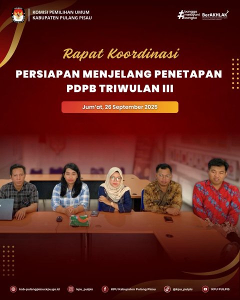 #TemanPemilih, KPU Kabupaten Pulang Pisau mengikuti Rapat Koordinasi Persiapan Menjelang Penetapan Pemuktahiran Data Pemilih Berkelanjutan (PDPB) Triwulan III, yang dilaksanakan pada Jumat, 26 September 2025 pukul 13.30 WIB secara daring melalui Zoom Meeting oleh KPU dengan dipimpin oleh Betty Epsilon Idroos selaku Komisioner KPU Divisi Data dan Informasi. Kegiatan ini diikuti oleh Divisi Perencanaan, Data dan Informasi Royan Hanapi, Plt. Sekretaris Cory Pramita Sartiana, Kasubbag Perencanaan, Data dan Informasi Annisa Wulandari bersama tim. Kegiatan ini merupakan bagian dari upaya KPU dalam memastikan proses pemutakhiran data pemilih berjalan dengan baik, akurat, dan berkelanjutan demi terwujudnya daftar pemilih yang lebih valid, transparan dan tersampaikan dengan baik kepada masyarakat. #KPUPulangPisau #KPUMelayani ....
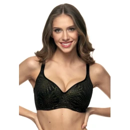 Dámské plavky Fantasy z nové kolekce Elegant. Dámský horní plavkový díl v elegantním černém provedení má jemně vyztužené nařasené košíčky s kosticemi a vysoký střed. Střih košíčků a široký obvod podprsenky s bočními pružnými kosticemi Vám zaručí pevné a pohodlné nošení a přitom Vám vytvaruje krásný a plný dekolt. Podprsenka má pevně všitá, nastavitelná ramínka. Zadní zapínání je ukončeno pevně všitou sponou na záháknutí. U těchto plavek lze libovolně kombinovat spodní a horní díl v řádu zadaných velikostí jednotlivých dílů. Plavky jsou české výroby a koupí tohoto výrobku podpoříte produkci českého oděvního průmyslu.
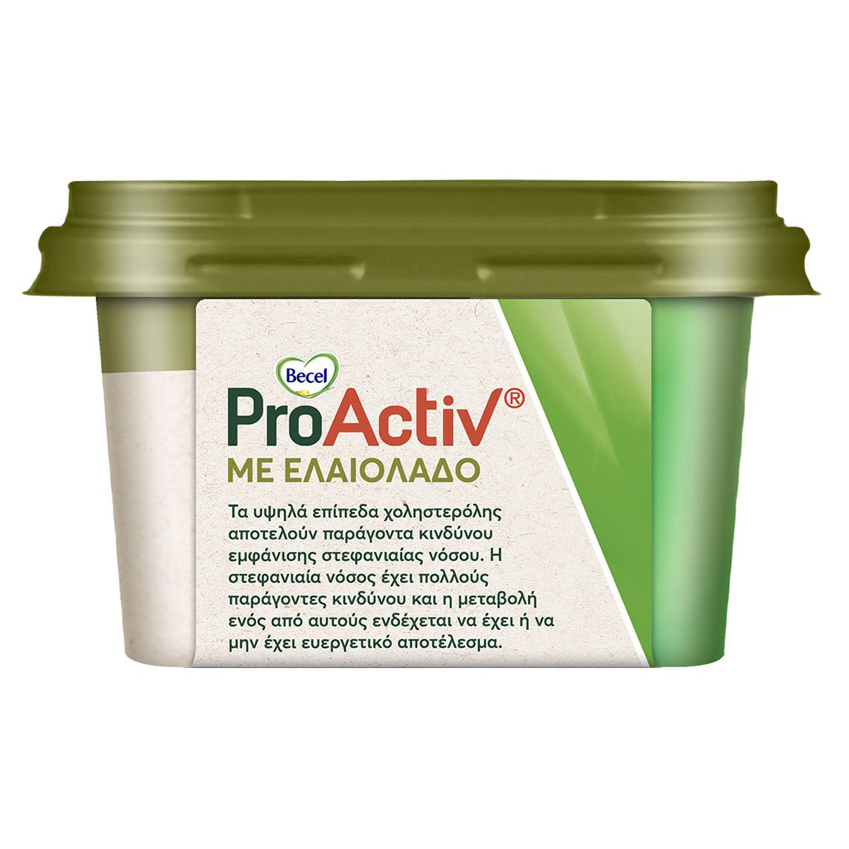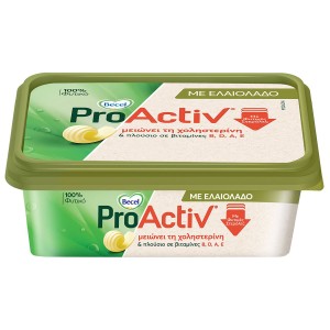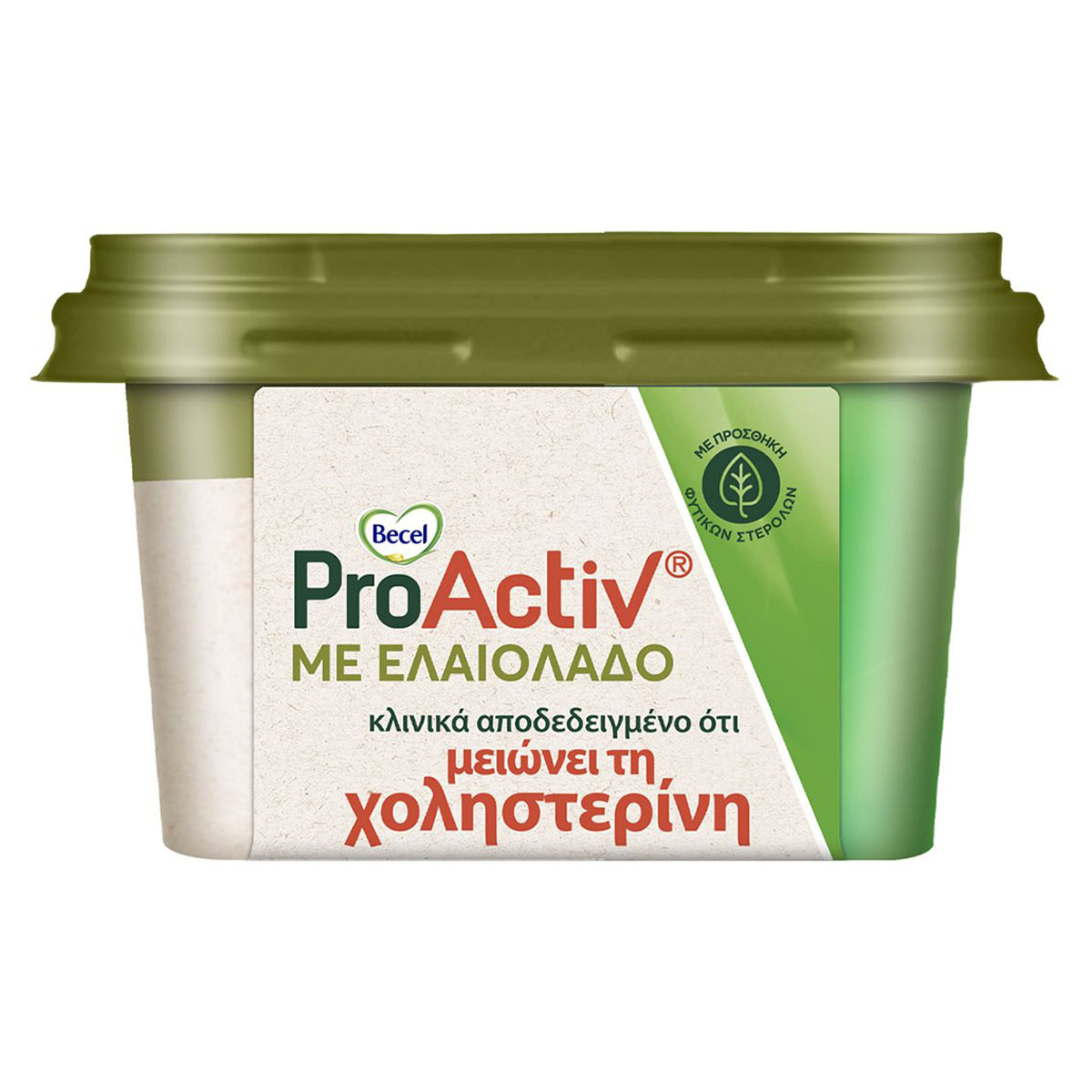 Το Becel ProActiv με Ελαιόλαδο 450g είναι ένα προϊόν επάλειψης, με προσθήκη ελαιολάδου, που είναι κλινικά αποδεδειγμένο ότι μειώνει αποτελεσματικά τη χοληστερίνη 7-10%, σε 2-3 εβδομάδες στα πλαίσια μιας ισορροπημένης διατροφής και ενός υγιεινού τρόπου ζωής.Είναι πλούσιο σε βιταμίνες Α, Β1, Β2, Β6, Β12, D, E, και αποτελεί πηγή φολικού οξέος.
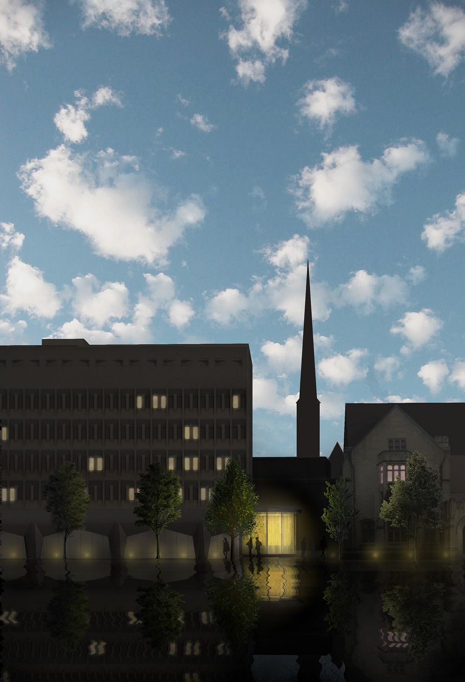 Set in a courtyard defined by Brutalist and Gothic architecture, the Center contrasts the static opacity of masonry with a luminous energy-efficient glass skin.
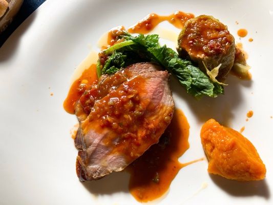 スモークがいい香りで、お肉の食感がとてもいい!ソースも凝っていておいしい。シューファルシーというのも初めて食しました!かぼちゃのムースはとても滑らかで甘くおいしい!大満足です!
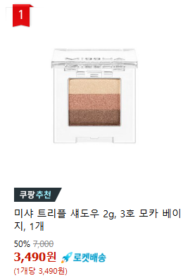 현재 별점 4.5점, 리뷰 17026개를 가진 미샤 트리플 섀도우 2g, 3호 모카 베이지, 1개! 지금 쿠팡에서 더 저렴하고 다양한 아이섀도 제품들을 확인해보세요.
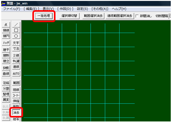 編集ツールバーの消去コマンド → 一括処理をクリック。
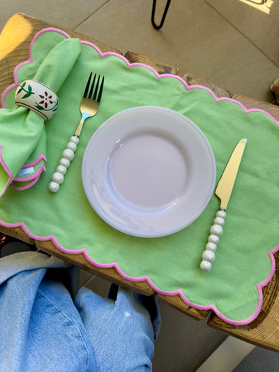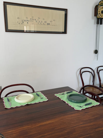 Add some playful color to your dining table with the Dalias placemat. This green and pink placemat not only protects your table from spills and scratches, but it also adds a fun pop of color to your mealtime.
● ● ●
Using the records above, print exactly the run of lines that starts with the line with "Το Becel ProActiv" and goes on through the line with "スモークがいい香りで、お肉の", pictures excluded.

◆ **SOLUTION FOR THIS EXERCISE**:
 Το Becel ProActiv με Ελαιόλαδο 450g είναι ένα προϊόν επάλειψης, με προσθήκη ελαιολάδου, που είναι κλινικά αποδεδειγμένο ότι μειώνει αποτελεσματικά τη χοληστερίνη 7-10%, σε 2-3 εβδομάδες στα πλαίσια μιας ισορροπημένης διατροφής και ενός υγιεινού τρόπου ζωής.Είναι πλούσιο σε βιταμίνες Α, Β1, Β2, Β6, Β12, D, E, και αποτελεί πηγή φολικού οξέος.
 Set in a courtyard defined by Brutalist and Gothic architecture, the Center contrasts the static opacity of masonry with a luminous energy-efficient glass skin.
 スモークがいい香りで、お肉の食感がとてもいい!ソースも凝っていておいしい。シューファルシーというのも初めて食しました!かぼちゃのムースはとても滑らかで甘くおいしい!大満足です!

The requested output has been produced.